- Data provided
--- START ---
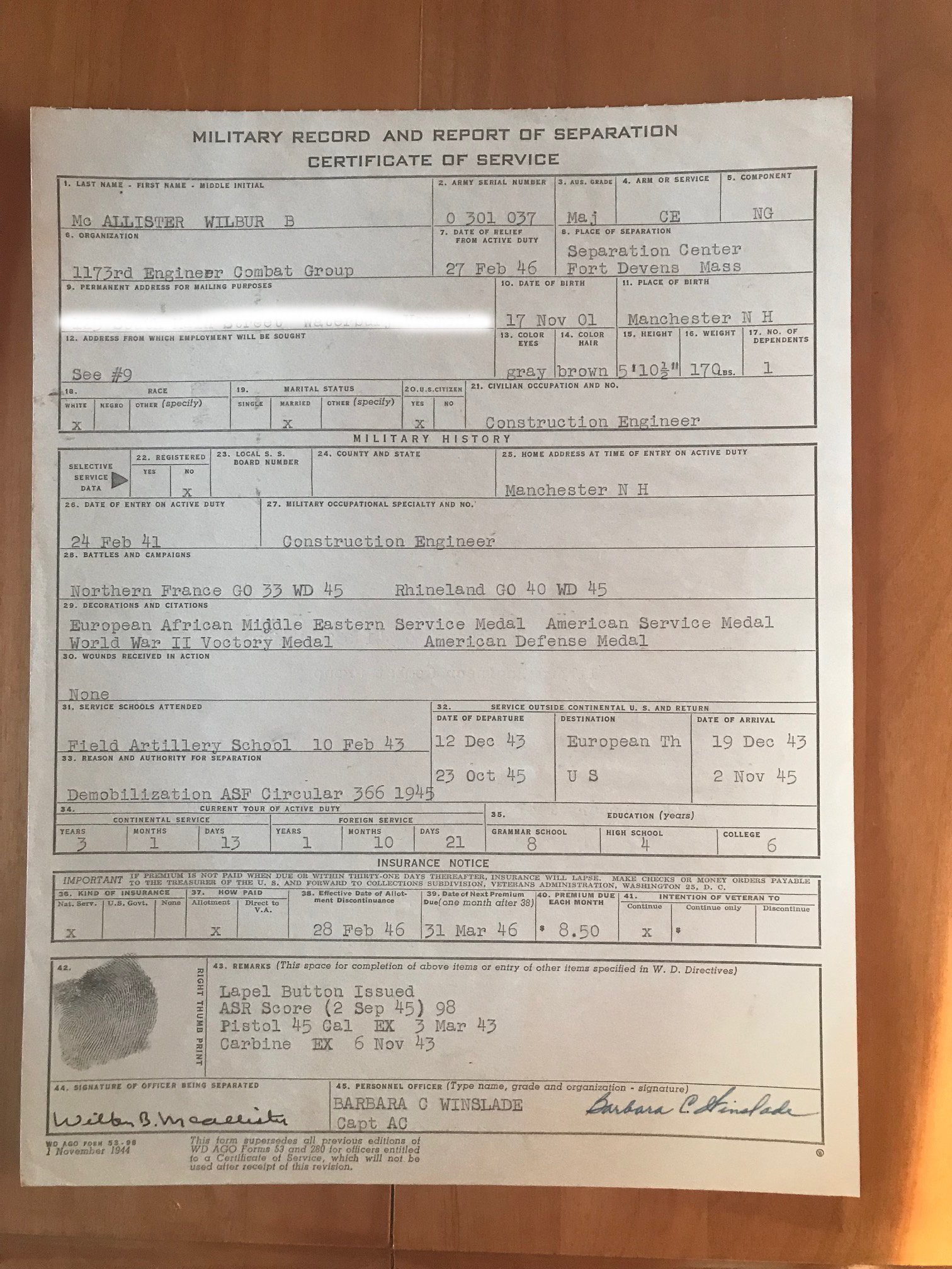 3. According to the discharge and to the Campaign & Citation Register?, he earned credit for Northern France and the Rhineland Campaigns. The Discharge also notes he entered service via the National Guard. So, he served in more than one unit before getting to the 1173rd. I suggest you contact the State (where he was living at the time) National Guard HQ and see what they can tell you, if anything.
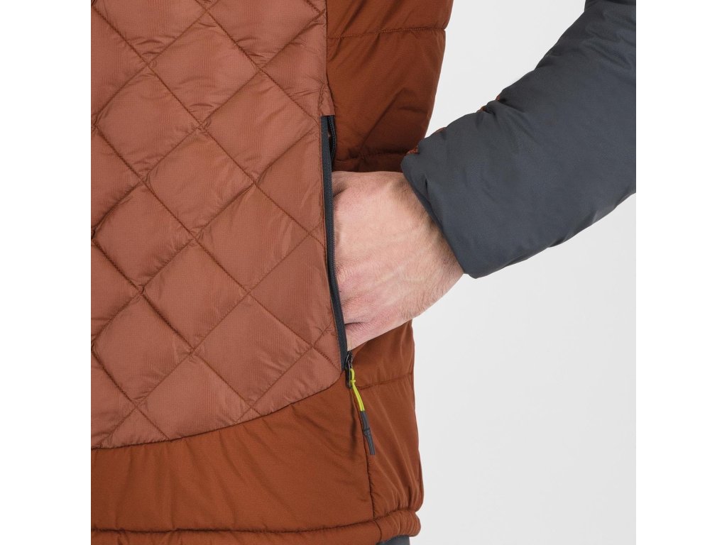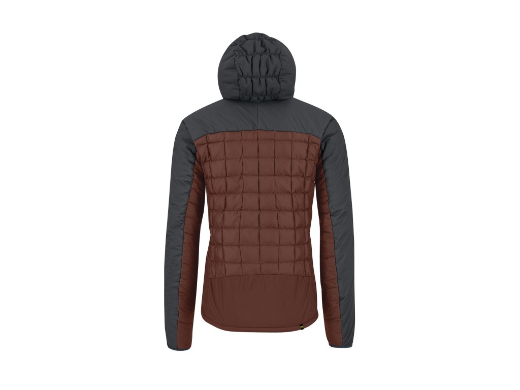 - Bunda je vybavená hybridnou izoláciou, ktorá spája dve rôzne technológie pre maximálny tepelný komfort. Na rukávoch, kapucni, bokoch a spodnej časti je použitý PrimaLoft® Silver Active 100 – ľahká, vysoko funkčná izolácia, ktorá zaručuje výbornú tepelnú ochranu bez nadmerného objemu. Na strednej časti tela je použitá K-Synthetic Down Micro, ktorá imituje vlastnosti prírodného peria, no je odolnejšia voči vlhkosti a rýchlo schne, čím udržiava optimálnu teplotu aj v extrémnych podmienkach.
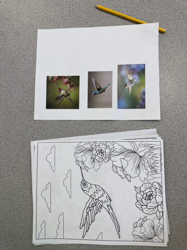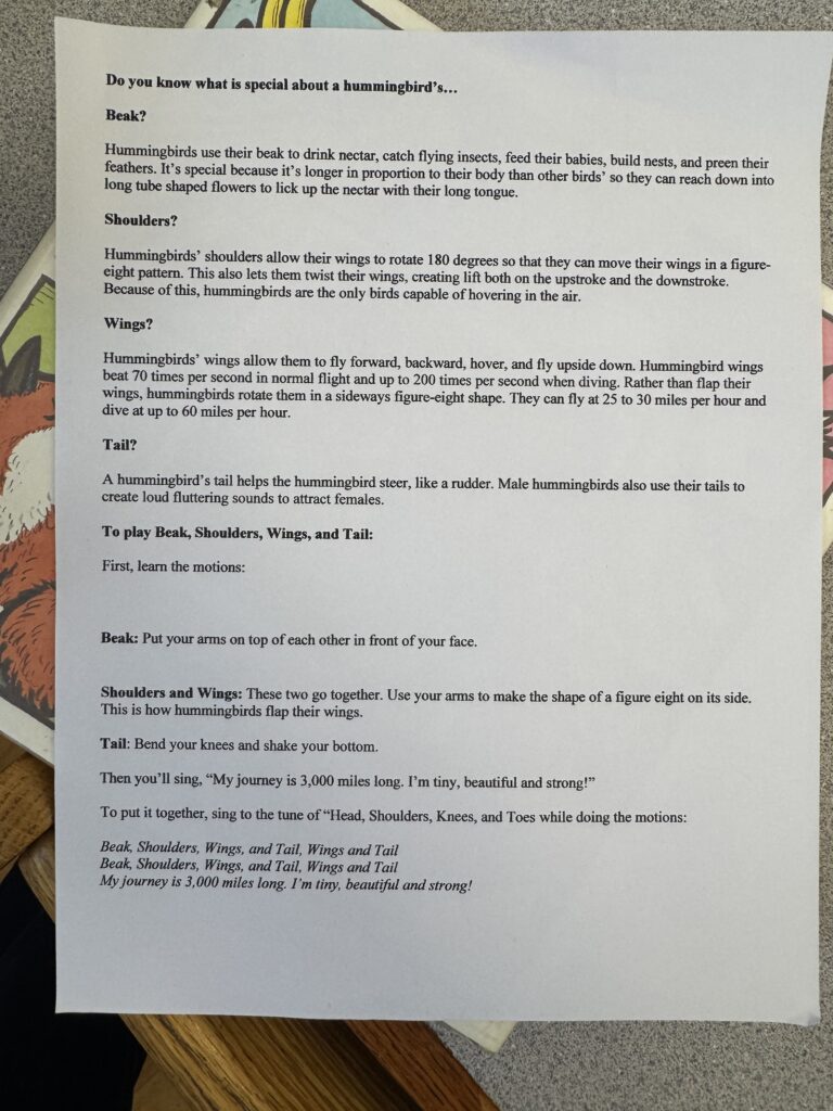 With this time of year the fall migration of the humming bird happens. We learned about humming birds this week in our Story Hour. Also we colored humming bird pictures. There is also a fun song to sing!
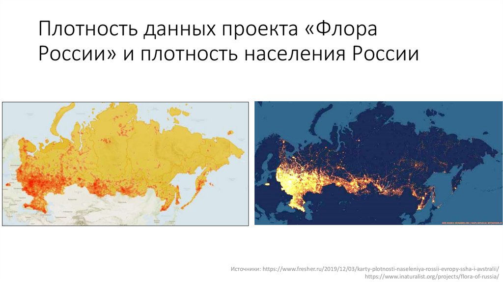 Плотность данных проекта «ФлораРоссии» и плотность населения России
--- END ---
- Problem to work on
Output all the data, exactly, without images.

- Solution below
 3. According to the discharge and to the Campaign & Citation Register?, he earned credit for Northern France and the Rhineland Campaigns. The Discharge also notes he entered service via the National Guard. So, he served in more than one unit before getting to the 1173rd. I suggest you contact the State (where he was living at the time) National Guard HQ and see what they can tell you, if anything.
 - Bunda je vybavená hybridnou izoláciou, ktorá spája dve rôzne technológie pre maximálny tepelný komfort. Na rukávoch, kapucni, bokoch a spodnej časti je použitý PrimaLoft® Silver Active 100 – ľahká, vysoko funkčná izolácia, ktorá zaručuje výbornú tepelnú ochranu bez nadmerného objemu. Na strednej časti tela je použitá K-Synthetic Down Micro, ktorá imituje vlastnosti prírodného peria, no je odolnejšia voči vlhkosti a rýchlo schne, čím udržiava optimálnu teplotu aj v extrémnych podmienkach.
 With this time of year the fall migration of the humming bird happens. We learned about humming birds this week in our Story Hour. Also we colored humming bird pictures. There is also a fun song to sing!
 Плотность данных проекта «ФлораРоссии» и плотность населения России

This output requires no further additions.